Second question, what can I do to reduce that heat? Would silicone hose do it? Isolate it with a bigger piece of ducting that would fit that exhaust vent flange?

If it makes any difference I will be moving the shed to a better spot, closer to the inlet and farther from windows. I'll be able to shorten my cord too. Point being I'll have access to the back if that helps with the exhaust modification.


----------



## OrlyP (Oct 19, 2021)

All that heat from the combustion has to go somewhere so yes, most of the heat is generated by the engine.... I'd say 80-90% of it. The power head windings also produce a good deal of heat, especially when they're loaded. Not as much as the engine but significant enough that it has its own blower.

As long as the exhaust ducting and pipe work doesn't touch anything combustible, you should be fine. Where did you install the shed inlet vents and the exhaust fan?


----------



## Bluwolf (Nov 8, 2020)

OrlyP said:


> All that heat from the combustion has to go somewhere so yes, most of the heat is generated by the engine.... I'd say 80-90% of it. The power head windings also produce a good deal of heat, especially when they're loaded. Not as much as the engine but significant enough that it has its own blower.
> 
> As long as the exhaust ducting and pipe work doesn't touch anything combustible, you should be fine. Where did you install the shed inlet vents and the exhaust fan?


Thanks OrlyP. I understand that it all makes heat. But I was specifically asking about the exhaust ducting. I have an intake vent on the left and an exhaust fan on the right. The exhaust goes out the back. When in use, the gas cans and shelf come out. Then the propane tanks are spread apart to expose the intake vent. See picture below.

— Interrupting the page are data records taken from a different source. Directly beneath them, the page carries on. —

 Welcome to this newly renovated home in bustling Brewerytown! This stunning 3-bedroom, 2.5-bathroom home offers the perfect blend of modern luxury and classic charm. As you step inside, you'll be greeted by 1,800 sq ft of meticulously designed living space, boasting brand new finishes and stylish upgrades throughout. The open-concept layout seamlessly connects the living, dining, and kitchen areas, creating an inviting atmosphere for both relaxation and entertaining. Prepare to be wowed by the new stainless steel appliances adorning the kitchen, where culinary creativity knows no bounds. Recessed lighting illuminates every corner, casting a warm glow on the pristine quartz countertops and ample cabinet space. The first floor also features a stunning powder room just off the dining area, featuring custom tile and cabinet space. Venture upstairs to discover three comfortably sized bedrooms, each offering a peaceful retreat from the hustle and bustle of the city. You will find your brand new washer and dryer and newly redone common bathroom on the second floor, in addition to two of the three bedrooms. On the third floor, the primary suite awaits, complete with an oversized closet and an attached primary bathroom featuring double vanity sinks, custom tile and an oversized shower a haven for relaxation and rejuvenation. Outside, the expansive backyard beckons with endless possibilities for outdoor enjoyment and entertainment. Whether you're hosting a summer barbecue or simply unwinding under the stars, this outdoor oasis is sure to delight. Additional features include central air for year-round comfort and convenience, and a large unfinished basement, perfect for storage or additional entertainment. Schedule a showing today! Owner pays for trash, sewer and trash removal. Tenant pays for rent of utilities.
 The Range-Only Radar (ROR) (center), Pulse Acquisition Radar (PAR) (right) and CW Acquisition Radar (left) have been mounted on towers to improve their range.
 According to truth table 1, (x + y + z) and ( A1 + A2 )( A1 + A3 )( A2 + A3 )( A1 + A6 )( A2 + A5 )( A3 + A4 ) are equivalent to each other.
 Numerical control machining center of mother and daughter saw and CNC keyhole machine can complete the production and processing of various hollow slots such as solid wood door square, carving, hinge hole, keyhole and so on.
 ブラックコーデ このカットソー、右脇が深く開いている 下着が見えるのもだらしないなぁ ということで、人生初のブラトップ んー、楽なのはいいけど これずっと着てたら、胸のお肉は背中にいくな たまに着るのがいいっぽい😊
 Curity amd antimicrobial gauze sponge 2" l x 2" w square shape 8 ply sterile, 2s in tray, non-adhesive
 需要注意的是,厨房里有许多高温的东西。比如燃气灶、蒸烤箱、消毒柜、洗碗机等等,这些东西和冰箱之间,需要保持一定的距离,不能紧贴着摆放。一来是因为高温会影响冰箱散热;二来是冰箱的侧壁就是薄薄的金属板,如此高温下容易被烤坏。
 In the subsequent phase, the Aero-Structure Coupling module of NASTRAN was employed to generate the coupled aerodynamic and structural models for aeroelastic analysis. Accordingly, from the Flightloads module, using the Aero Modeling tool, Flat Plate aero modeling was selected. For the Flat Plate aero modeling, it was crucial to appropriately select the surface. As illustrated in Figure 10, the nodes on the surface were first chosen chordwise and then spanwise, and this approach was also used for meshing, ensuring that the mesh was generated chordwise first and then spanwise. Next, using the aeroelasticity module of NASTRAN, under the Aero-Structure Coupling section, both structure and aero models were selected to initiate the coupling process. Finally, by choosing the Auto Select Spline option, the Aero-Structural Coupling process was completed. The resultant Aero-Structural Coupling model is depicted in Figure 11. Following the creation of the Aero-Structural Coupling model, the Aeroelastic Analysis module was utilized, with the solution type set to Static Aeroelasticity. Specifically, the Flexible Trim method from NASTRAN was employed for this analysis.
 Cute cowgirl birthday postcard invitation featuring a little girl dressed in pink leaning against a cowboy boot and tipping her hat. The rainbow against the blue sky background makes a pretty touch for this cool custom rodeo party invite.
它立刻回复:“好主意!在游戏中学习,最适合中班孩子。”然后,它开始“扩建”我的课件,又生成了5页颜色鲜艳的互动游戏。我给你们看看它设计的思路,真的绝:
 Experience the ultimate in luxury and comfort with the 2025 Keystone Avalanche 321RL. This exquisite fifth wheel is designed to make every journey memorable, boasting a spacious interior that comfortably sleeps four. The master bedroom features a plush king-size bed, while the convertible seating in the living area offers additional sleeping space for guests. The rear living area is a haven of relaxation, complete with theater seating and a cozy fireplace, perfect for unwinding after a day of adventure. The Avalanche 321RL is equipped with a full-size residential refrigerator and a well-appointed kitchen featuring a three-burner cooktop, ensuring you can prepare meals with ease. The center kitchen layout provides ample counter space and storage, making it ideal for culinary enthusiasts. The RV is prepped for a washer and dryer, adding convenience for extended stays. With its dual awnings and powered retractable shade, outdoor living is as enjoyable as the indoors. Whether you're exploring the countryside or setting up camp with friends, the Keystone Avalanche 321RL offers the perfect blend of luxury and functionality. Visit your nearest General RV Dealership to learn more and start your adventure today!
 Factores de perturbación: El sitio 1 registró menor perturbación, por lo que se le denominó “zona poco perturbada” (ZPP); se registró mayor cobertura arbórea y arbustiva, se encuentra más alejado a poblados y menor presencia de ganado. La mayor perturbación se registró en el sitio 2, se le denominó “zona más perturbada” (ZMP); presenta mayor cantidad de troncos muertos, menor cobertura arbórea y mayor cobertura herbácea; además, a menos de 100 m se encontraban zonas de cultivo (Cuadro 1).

My thought was, if I shorten the exhaust ducting that would reduce an X amount of heat. Less surface area to be radiating heat. There is cement board on the back of the shed, and the hole that passes through the shed is much larger than the exhaust duct. In other words, the heat passing through the shed back wall is not an issue. But, would wrapping the exhaust ducting with a silicone hose or exhaust header wrap reduce the heat build up in the shed. Or am I over-thinking all this?


----------



## OrlyP (Oct 19, 2021)

You are overthinking it a little bit. The fan should be able to provide enough airflow to prevent any heat soaking. But as a precaution, you may want to put a remote thermometer that will notify you in case the temperature goes past a certain threshold (ie. in the event that the fan fails).

But if you want to insulate the pipe so there's less heat that can escape within the shed, however negligible in the grand scheme of things, I'd probably choose the header wrap.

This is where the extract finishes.